When Dorothy Gale realized that “there’s no place like home,” she had to rely on her wits, her besties, and a pair of ruby slippers. Even in the magical, mystical land of Oz, Google Earth hadn’t been invented yet.
Lion, the wonderful film by first-time feature director Garth Davis, can be described many ways. It’s a rags-to-riches story of Dickensian proportion. It’s a gorgeous cinematic travelogue with magnificent footage of India and Australia. It’s a meditation on the meaning of self and family. But, perhaps above all else, it’s the most effective advertising ever made for Google’s virtual mapping application. And it’s true.

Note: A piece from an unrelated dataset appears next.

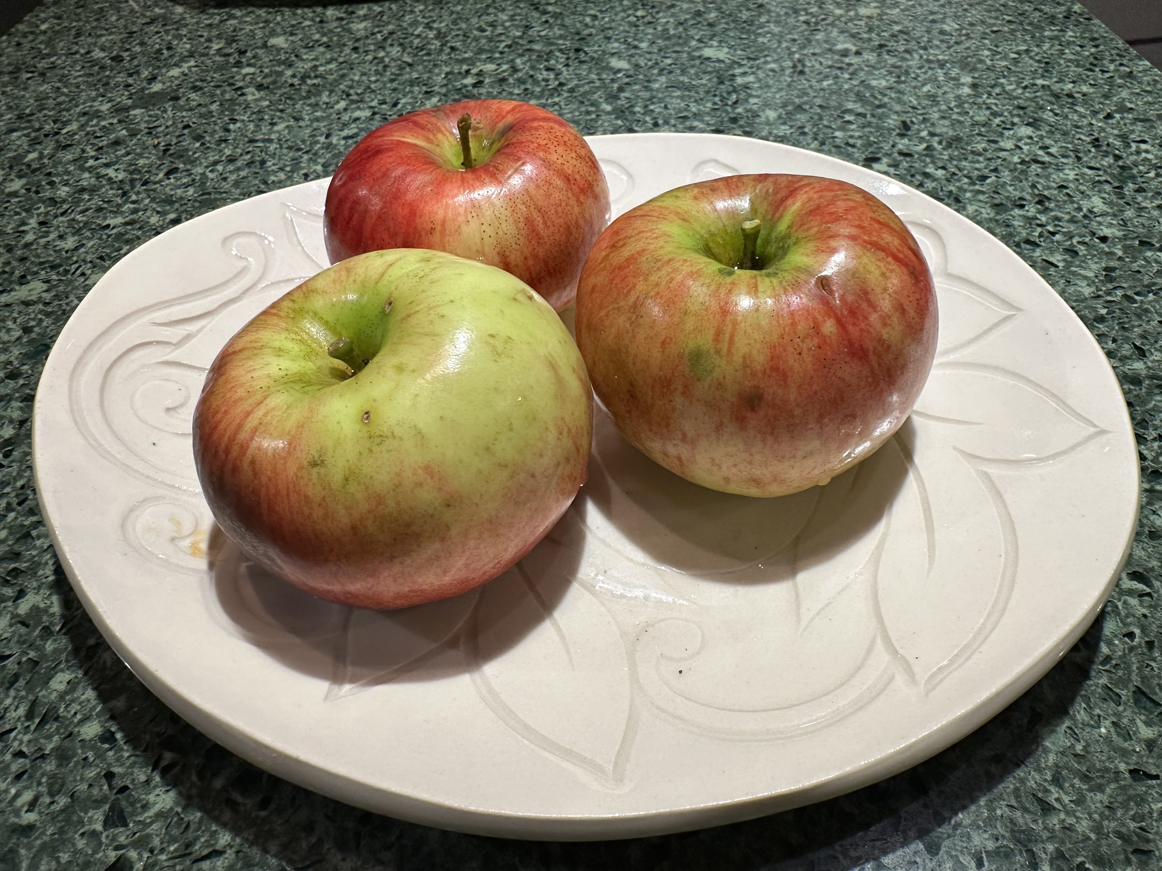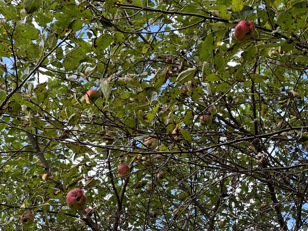 Fall has arrived, more or less – and that means it is apple season! We planted two apple trees in the backyard – one with McIntosh, one with Cortland apples. The Cortlands are heading for a bumper crop, and the deadfall have already been extremely attractive to all the local wildlife.

Lion isn’t simply “based on a true story” (those words always make me a little suspicious). It’s a fairly faithful adaptation of Saroo Brierley’s international bestselling memoir A Long Way Home. In fact, Davis and his team purportedly turned down major U.S. studio budgets and distribution because they wouldn’t change a locale from Tasmania to the United States. The project has clearly been a labor of love for those involved, and their passion has paid off.
The first half of the film follows the story of 5-year-old Saroo, a tiny boy with an infectious smile who lives with his mother and siblings in a remote Indian slum. His mother moves rocks to support the family while Saroo, and his older brother Guddu steal coal from moving trains and forage in and around a nearby station. One evening, Guddu explains that he’s going to travel farther away to find work and Saroo convinces his brother to take him along. They’re separated and Saroo ends up asleep in the locked passenger car of an out of commission train. He is finally released a couple of days — and about 1,000 miles — later in Calcutta. He is lost and alone and can’t even communicate (he speaks Hindi, not Bengali); he seems doomed to join the seemingly countless children of the street. For an American audience, the abject poverty, shot from the perspective of a tiny child is stunning.

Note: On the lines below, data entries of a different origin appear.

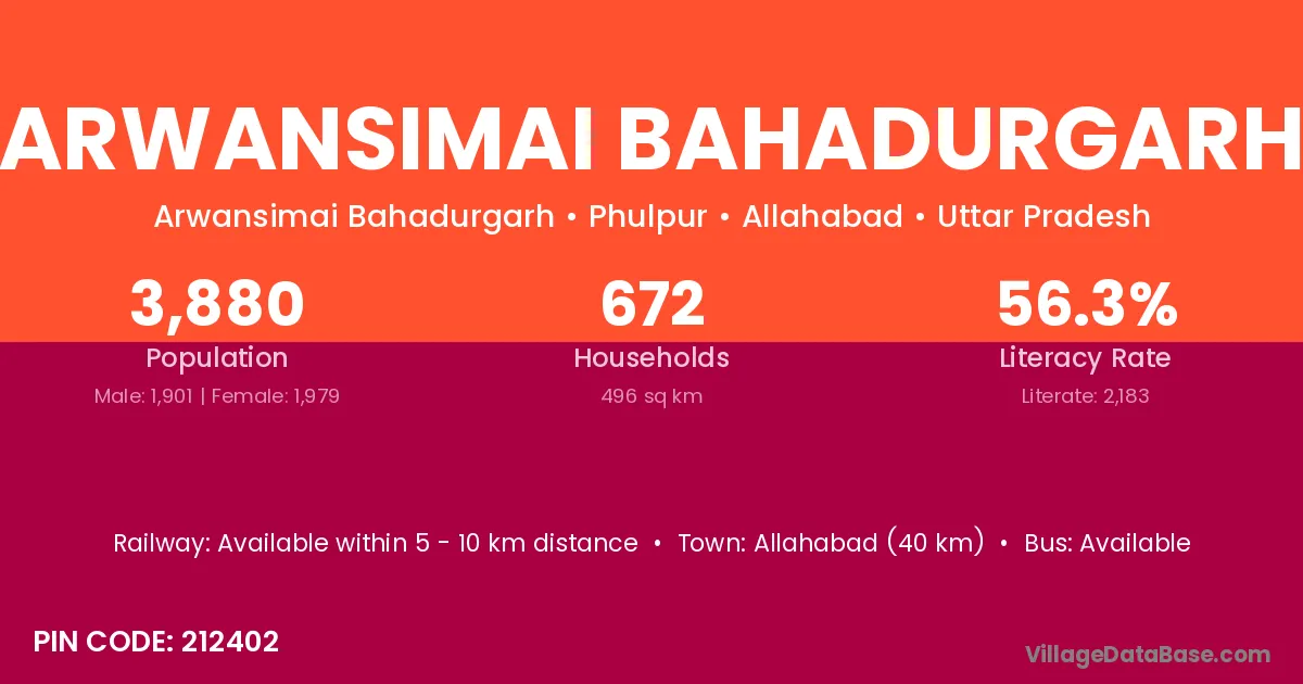 Allahabad (40 km) is the nearest town to Arwansimai Bahadurgarh village for major economic activities and is located approximately 40 km away.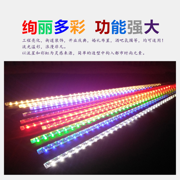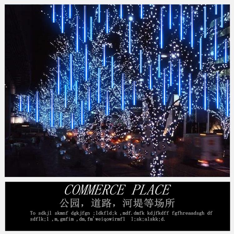 Meteor shower LED lights colorful flowing water lights flashing string lights full of stars outdoor waterproof hanging tree decoration lanterns tree lights blue double-sided light-waterproof 50cm*10 pcs-spacing 0.5 meters (with plug wire 5 meters, can be strung)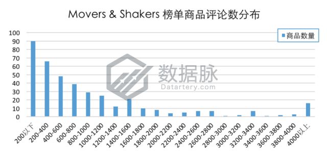 在上周登榜Office Products品类Movers & Shakers榜单的商品中,单个商品拥有的最大评论数为13945.0,最小评论数为0.0条,平均评论数1056.32条,评论平均星级4.36星。其中,评论数不超过200条的商品相对较多,占上榜商品总数的21.23%;另有15.57%的商品评论数在200条至400条之间,11.32%的商品评论数在400条至600条之间。此外骆探长(shujumai.com)发现,上周共有16款登榜商品的评论数超过了4000条,占上榜商品总数的3.77%。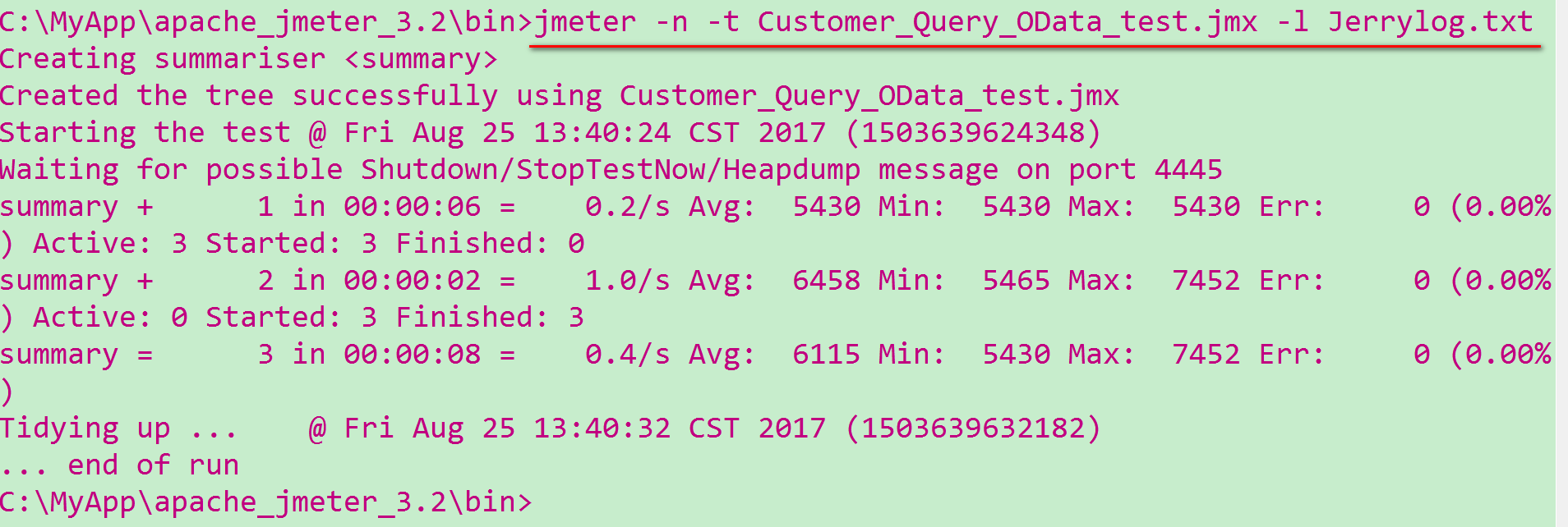 也可以用命令行 jmeter -n -t 的方式执行测试,看到的结果和在jMeter GUI上执行的一致。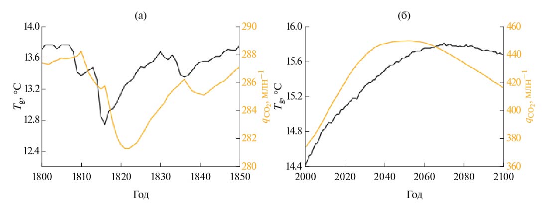 Для доиндустриального периода значение Tg в модели равно 13.5°С (рис. 2а), что близко к эмпирической оценке 13.4°С по данным HadCRUT5 [Morice et al., 2021]. Глобальная интенсивность осадков в модели составляет 885 мм/год (рис. 2б) – несколько ниже эмпирической оценки 1126 мм/год (с интервалом неопределенности от 1007 до 1157 мм/год) по данным табл. 8.1 из [Climate Change, 2021] для 1991–2010 гг. Подобные и даже бóльшие погрешности характерны и для современных моделей Земной климатической системы, основанных на моделях общей циркуляции [Liu et al., 2014].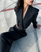 Best selling cropped blazer with mid-weight suiting fabric. Oversized fit with peak lapels.

After some near escapes (although never fully explained, it’s apparent that there’s a thriving trafficking market for these homeless children), Saroo eventually attracts the attention of a kind man who brings him to the authorities. He’s sent to an orphanage, which is really more of a prison, but by some miracle is adopted by a kind Tasmanian couple.
The second half of Lion jumps ahead some twenty years. Saroo has grown into a handsome young man. He leaves Tasmania for Melbourne to study hotel management. There, he makes an international group of friends, some of whom are Indian. He starts to articulate his own background as they introduce themselves. “What part of Calcutta are you from?” he’s asked. “I’m not really Indian,” he stumbles, “I’m Australian.” Soon, though, triggered by a sweet he had craved as a child, he begins to remember things: his mother, his brother, and a train station with a water tower. A classmate suggests that he use Google Earth to try and locate his village. At first, he dismisses the idea, but over the next couple of years, Saroo becomes obsessed with his search, turning away from his job, his supportive English girlfriend, and his loving adoptive parents. An integral part of him is missing and he’s haunted by the idea that his mother and brother might still be looking for him.